COLLECTED MATERIAL:
|---|

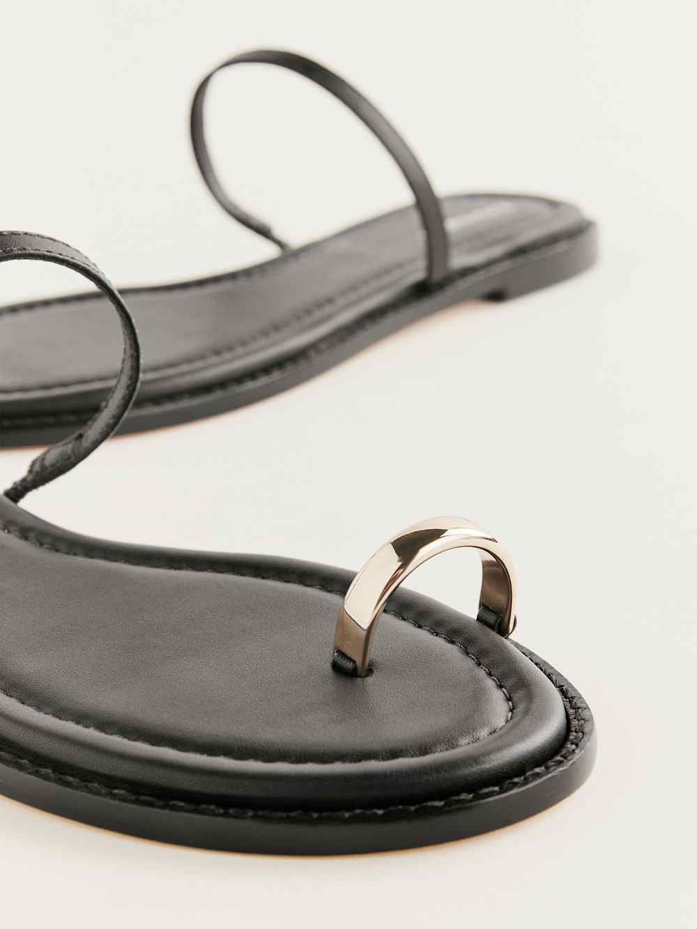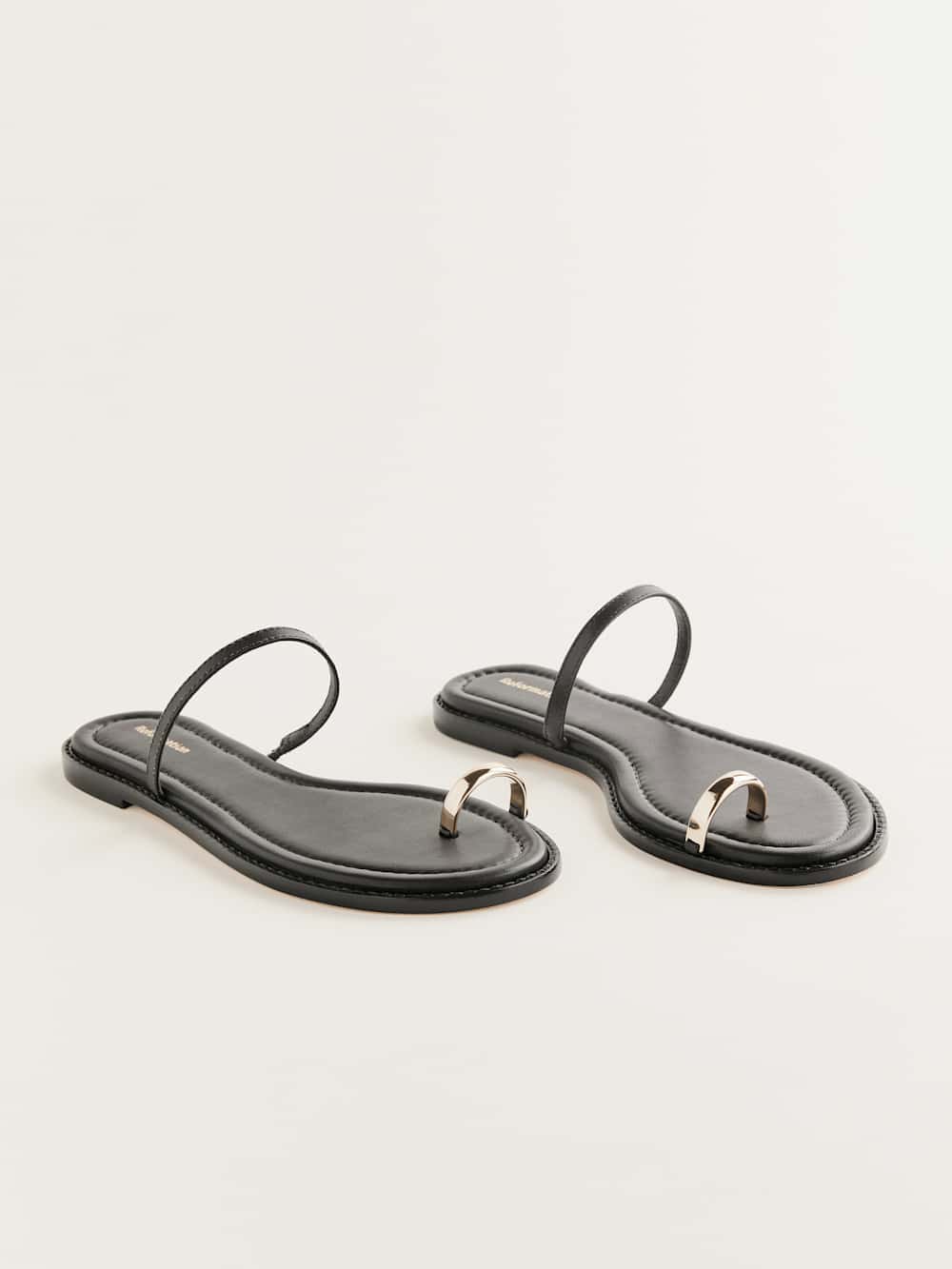 Throw on and go. Shop the Cassandra Flat Sandal from Reformation, a flat sandal with toe ring detailing.
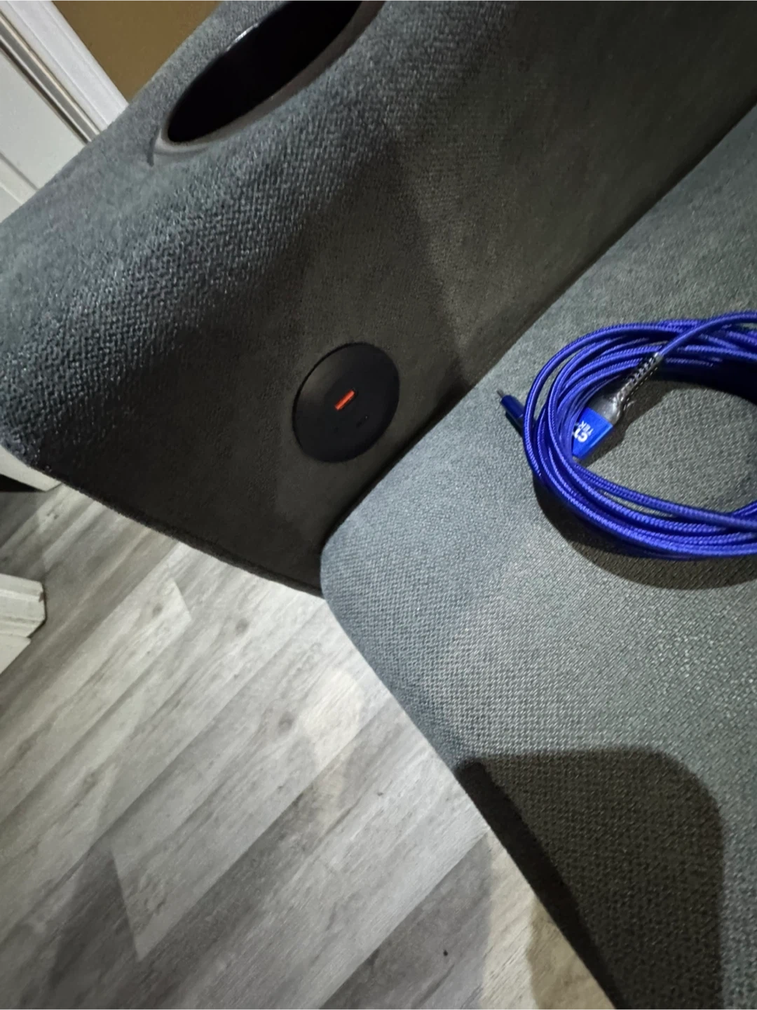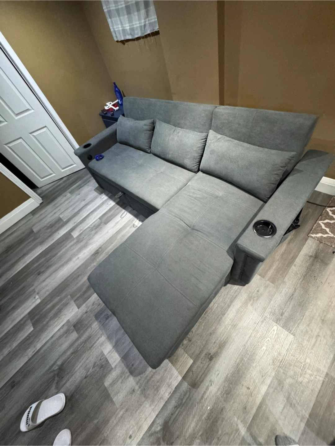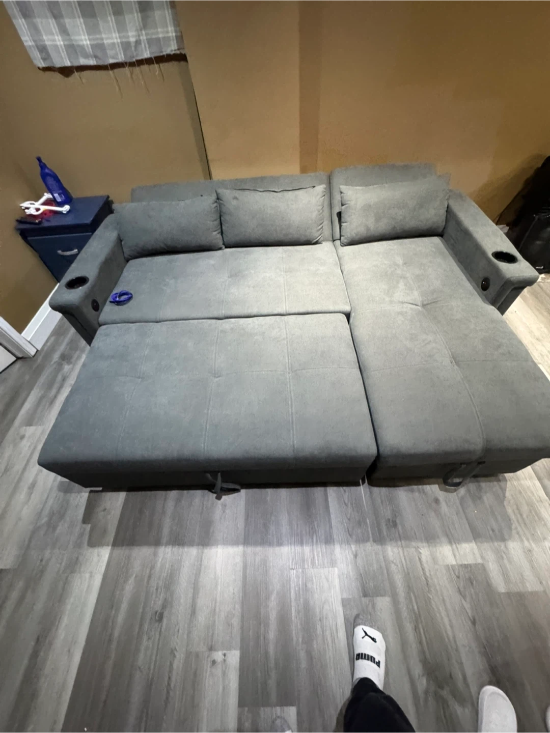 This grey sectional sofa offers convenient pull-out bed functionality and built-in USB charging ports. It's upholstered in a durable fabric and features cup holders on the arms. Storage is available under the chaise. Pick up only
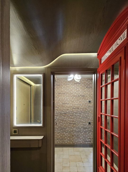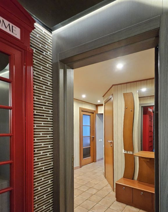 Пространство квартиры организованно из двух двухкомнатных квартир, объединённых прихожей. Таким образом на скромной площади панельного дома мы имеем органично обустроенное пространство для удобного проживания большой семьи. Условно квартира разделена на общую и спальную стороны. На каждой стороне свой санузел с ванной или душевым боксом и свой балкон.

|---|

YOUR INSTRUCTIONS: Output each line above exactly as it stands, omitting the pictures.

RESPONSE:
 Throw on and go. Shop the Cassandra Flat Sandal from Reformation, a flat sandal with toe ring detailing.
 This grey sectional sofa offers convenient pull-out bed functionality and built-in USB charging ports. It's upholstered in a durable fabric and features cup holders on the arms. Storage is available under the chaise. Pick up only
 Пространство квартиры организованно из двух двухкомнатных квартир, объединённых прихожей. Таким образом на скромной площади панельного дома мы имеем органично обустроенное пространство для удобного проживания большой семьи. Условно квартира разделена на общую и спальную стороны. На каждой стороне свой санузел с ванной или душевым боксом и свой балкон.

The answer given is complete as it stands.